Wo also beginnt der Sozialismus? Er beginnt dort, wo Eigentum und private Verfügungsmacht über Produktionsmittel und Ressourcen und deren grundlegende ökonomische Funktion, Variation, Innovation und damit steigenden Wohlstand zu ermöglichen, zugunsten sozialer und ökologischer Zielsetzungen regulierend eingeschränkt oder gar aufgehoben wird. Gemeint sind dabei nicht regulierende Auflagen wie etwa für den Gewässerschutz oder die Luftreinhaltung, die keinen Eingriff in Eigentumsrechte darstellen. Gemeint sind regulierende Eingriffe, die die Verfügungsmacht selbst einschränken wie zum Beispiel ein Mietendeckel oder verteilungspolitisch motivierte Auflagen im Baurecht, die Immobilieneigentum de facto entwerten oder eine ökonomisch profitable Nutzung erschweren oder gar verunmöglichen. Ähnliches gilt für den Arbeitsmarkt – z.B. flächendeckende Mindestlöhne – oder die Klimapolitik, die durchaus eigentums- und marktgerecht konzipiert, aber auch zu einem Umbau der Wirtschaft und damit auch der Eigentumsordnung missbraucht werden kann. Die Übergänge mögen manchmal fließend sein, doch gerade deshalb ist Zurückhaltung der Politik angesagt.

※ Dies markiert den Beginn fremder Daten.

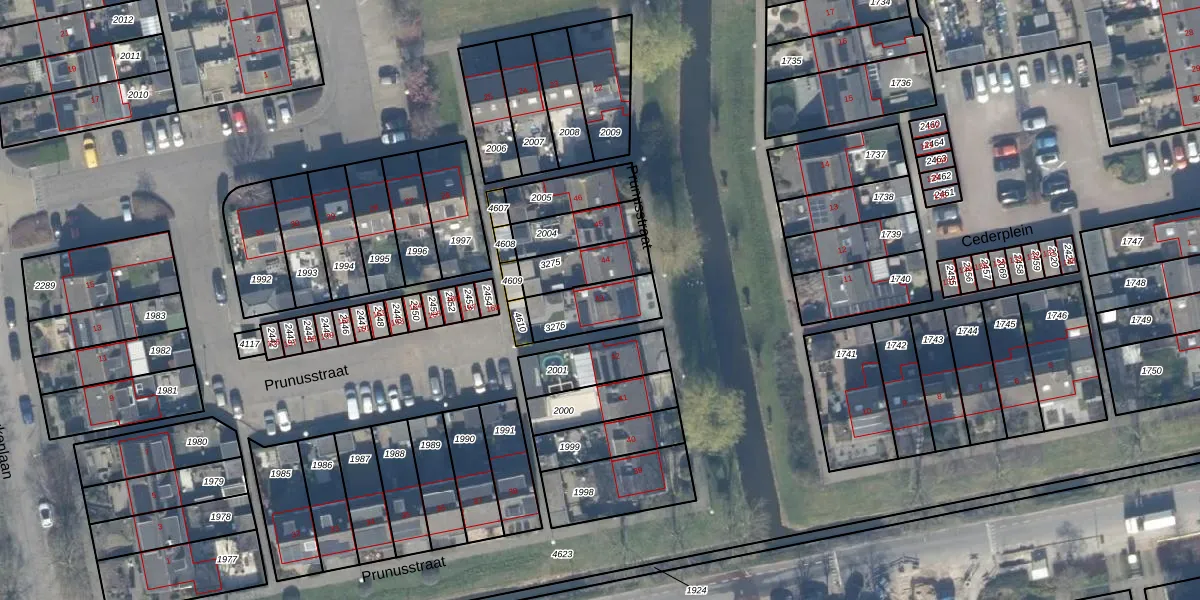 Het perceel waarop Prunusstraat 43 staat heeft een oppervlakte van 174 m². Dit is een middelgroot perceel. De perceeloppervlakte wordt geregistreerd door het Kadaster. Gedetailleerde informatie over de maten van dit perceel kunt u vinden in het rapport Kadastrale kaart met maatvoering van Prunusstraat 43.

Wohlverstanden: Hier, bei regulierenden Beschränkungen der Verfügungsgewalt über Privateigentum an den Produktionsmitteln, „beginnt“ der Sozialismus, aber genau in dem Masse wie er beginnt, behindert er die wohlstandsschaffende – und wie wir heute auch wissen: umwelt- und ressourcenschonende – Dynamik von Kapitalismus und Marktwirtschaft. Der beginnende Sozialismus und sein Primat der Politik ist wie Sand im Getriebe einer freien Wirtschaft, verstärkt aber gleichzeitig den Ruf nach dem Staat als Reparateur der beharrlich dem Kapitalismus angelasteten, in Wirklichkeit aber durch den Primat der Politik verursachten direkten und indirekten Schäden.

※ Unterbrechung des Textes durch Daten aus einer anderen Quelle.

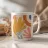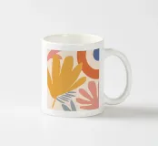 Un'opera d'arte botanica astratta dominata da un grande fiore stilizzato in una tonalità giallo oro. Le forme morbide e i colori caldi creano un'opera al tempo stesso audace e delicata, piena di solare ottimismo.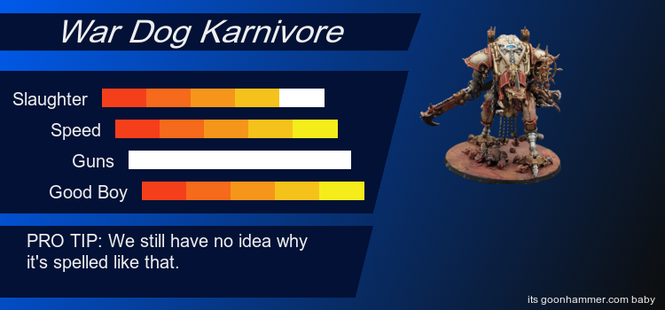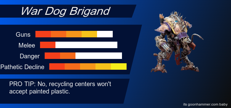Where the Ruinator has some silver lining though is his abilities. Methodical Destruction has you pick something in your opponent’s army at the beginning of the battle and he gets reroll wounds against it until it’s destroyed, at which point you pick a new target for the ability. This is nifty for helping or anemic ranged weapons punch up, but doesn’t really help the melee situation unless you target an infantry unit you were planning on sweeping with it. The star of the show here though is Close-range Killers which gives all War Dogs within 9” extra AP if it targets the closest enemy unit. This even includes melee, meaning you can finally have those AP 4 Slaughter Claws. If he gets cheap enough, I could see folks taking this for just his buff. Some of you may be asking “But wait, isn’t that the rule the Brigand already has”? Well…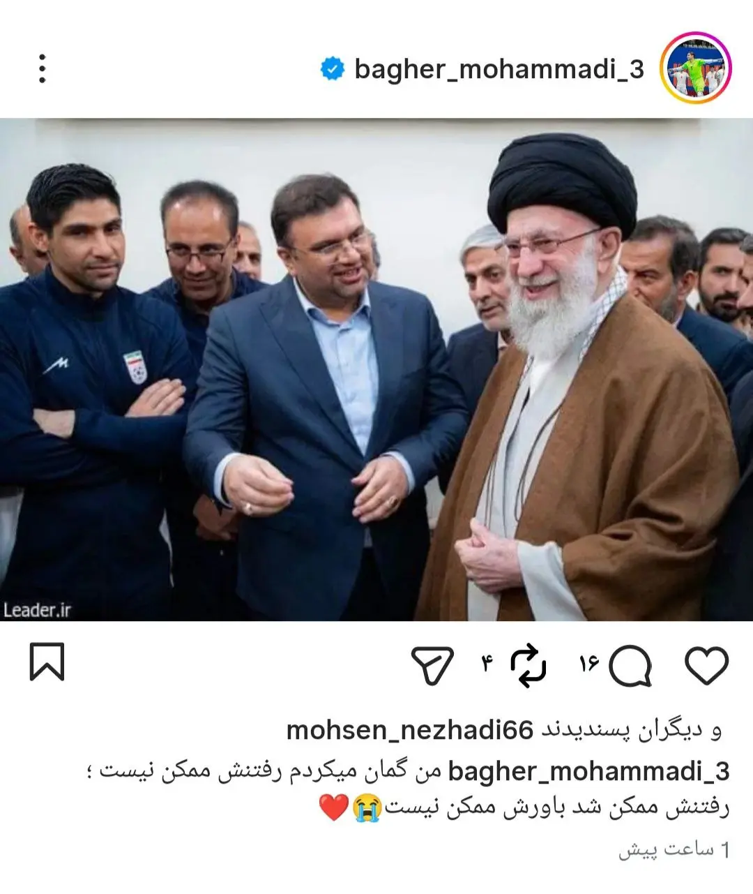 وی با انتشار تصویری از شهید رهبر انقلاب در دیدار خصوصی با فوتسالیست ها نوشت: فکر می کردم رفتنش مقدور نیست. نمی توان باور کرد که امکان رفتن او وجود داشت.

Gesetzliche Rahmenordnung: Ja – Politisierung der Wirtschaft: Nein
Die staatliche, gesetzliche Rahmenordnung sollte als Anreiz für die schöpferische Variations- und Selektionslogik des Kapitalismus wirken und so das ihm eigene innovative Potential entfesseln – hinsichtlich konkreter Ausgestaltung von Innovation also bewusst auf den Primat der Politik verzichten. Der „andere Sozialismus“ hingegen tritt genau dann seinen Siegeszug an, wenn der Glaube an die schöpferische Kraft der Freiheit schwindet und einem „Primat der Politik“ Platz macht, der nun selbst gestaltend, regulierend und letztlich immer auch planend an die Stelle privater Verfügungsmacht über die Ressource „Produktionsmittel“ tritt.

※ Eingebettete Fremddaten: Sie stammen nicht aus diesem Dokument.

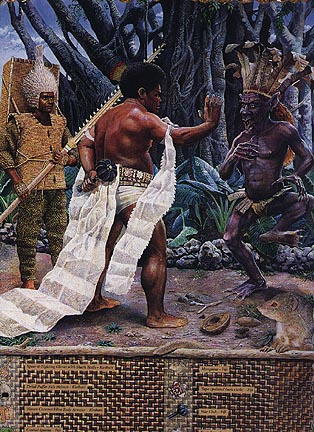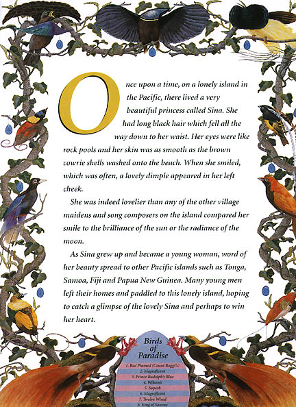 Sina and Tinilau are mythical pan-Polynesian figures on which this modern myth is based. The writer and the illustrator created this book for their children, Bianca Schreurs and Daniel Hereniko. It is a collector's item, with a limited number of copies available. |

Das Privateigentum besteht dabei rechtlich betrachtet weiter, seine konkrete Verwendung wird aber immer mehr gemäß politischen Zielsetzungen gesteuert. Damit verliert es weitgehend seine wohlstandsschaffende ökonomische Funktion. Und da jede marktfeindliche staatliche Intervention in das Gefüge der freien Wirtschaft zu einer Interventionsspirale führt, dürfen wir fragen: befinden wir uns vielleicht auf dem Weg in eine neue Art von Knechtschaft durch Staat und Politik? Die Frage – oder die Mahnung – geht auch heute noch an die Sozialisten in allen Parteien.
Dieser Artikel ist in einer leicht veränderten und kürzeren Fassung unter dem Titel „Der andere Sozialismus“ in der Neuen Zürcher Zeitung vom 13. März 2021, S. 40, erschienen. Er ist auch online unter nzz.ch abrufbar.